### EXERCISE REQUIREMENTS
In the data below, which lines hold the word "with"? Copy them.

### EXERCISE INPUTS
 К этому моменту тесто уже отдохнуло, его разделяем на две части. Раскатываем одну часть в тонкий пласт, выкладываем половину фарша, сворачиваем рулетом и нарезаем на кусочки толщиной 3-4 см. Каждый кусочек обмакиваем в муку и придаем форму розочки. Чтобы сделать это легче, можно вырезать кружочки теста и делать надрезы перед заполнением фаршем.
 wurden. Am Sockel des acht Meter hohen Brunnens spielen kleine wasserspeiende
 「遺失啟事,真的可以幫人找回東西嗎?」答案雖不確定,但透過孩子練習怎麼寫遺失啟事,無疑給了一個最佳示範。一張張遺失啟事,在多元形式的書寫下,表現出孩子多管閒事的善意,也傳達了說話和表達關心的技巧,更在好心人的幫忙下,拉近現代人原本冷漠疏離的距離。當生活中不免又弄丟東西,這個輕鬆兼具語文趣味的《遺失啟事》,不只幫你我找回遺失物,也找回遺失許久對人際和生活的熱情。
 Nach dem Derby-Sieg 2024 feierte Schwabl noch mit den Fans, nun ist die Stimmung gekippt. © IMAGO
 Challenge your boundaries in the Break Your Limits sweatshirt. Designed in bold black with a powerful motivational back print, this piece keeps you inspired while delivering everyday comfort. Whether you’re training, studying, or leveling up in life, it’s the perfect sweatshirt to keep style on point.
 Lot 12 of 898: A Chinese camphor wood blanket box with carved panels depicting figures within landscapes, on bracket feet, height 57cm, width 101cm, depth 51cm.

* * *

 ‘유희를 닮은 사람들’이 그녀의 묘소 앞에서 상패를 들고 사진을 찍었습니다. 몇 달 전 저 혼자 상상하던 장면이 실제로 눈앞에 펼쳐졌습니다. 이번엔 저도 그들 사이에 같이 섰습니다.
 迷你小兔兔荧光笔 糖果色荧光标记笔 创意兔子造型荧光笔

* * *

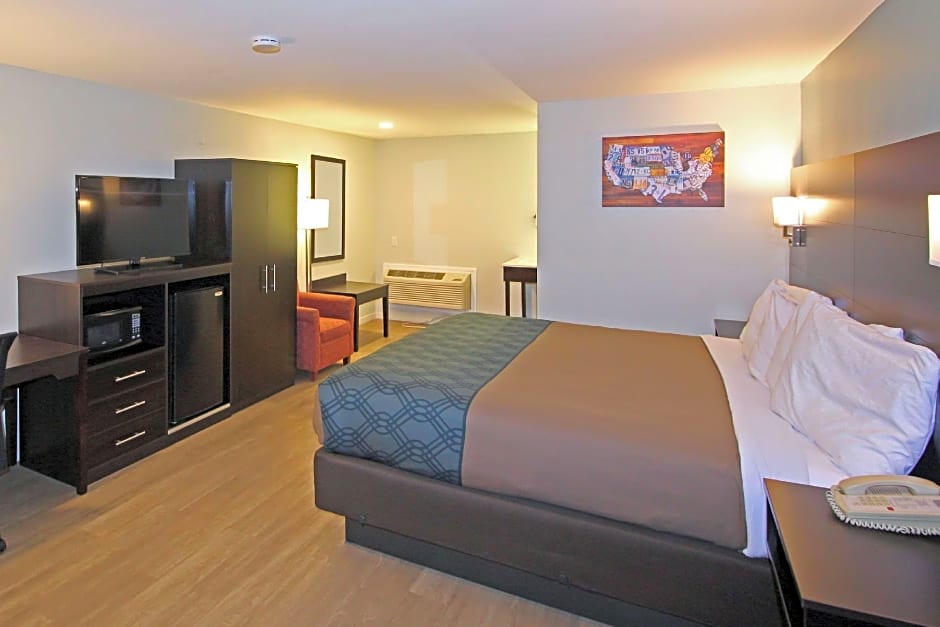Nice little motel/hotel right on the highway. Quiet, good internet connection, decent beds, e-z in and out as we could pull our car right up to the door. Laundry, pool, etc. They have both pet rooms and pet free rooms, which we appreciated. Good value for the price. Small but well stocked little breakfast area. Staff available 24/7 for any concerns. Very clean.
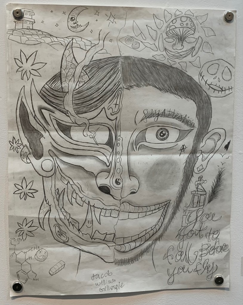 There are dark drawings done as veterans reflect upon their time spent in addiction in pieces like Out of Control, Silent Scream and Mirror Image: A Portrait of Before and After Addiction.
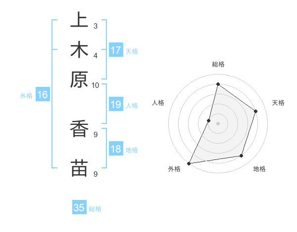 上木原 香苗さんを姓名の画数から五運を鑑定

### RESPONSE
 Challenge your boundaries in the Break Your Limits sweatshirt. Designed in bold black with a powerful motivational back print, this piece keeps you inspired while delivering everyday comfort. Whether you’re training, studying, or leveling up in life, it’s the perfect sweatshirt to keep style on point.
 Lot 12 of 898: A Chinese camphor wood blanket box with carved panels depicting figures within landscapes, on bracket feet, height 57cm, width 101cm, depth 51cm.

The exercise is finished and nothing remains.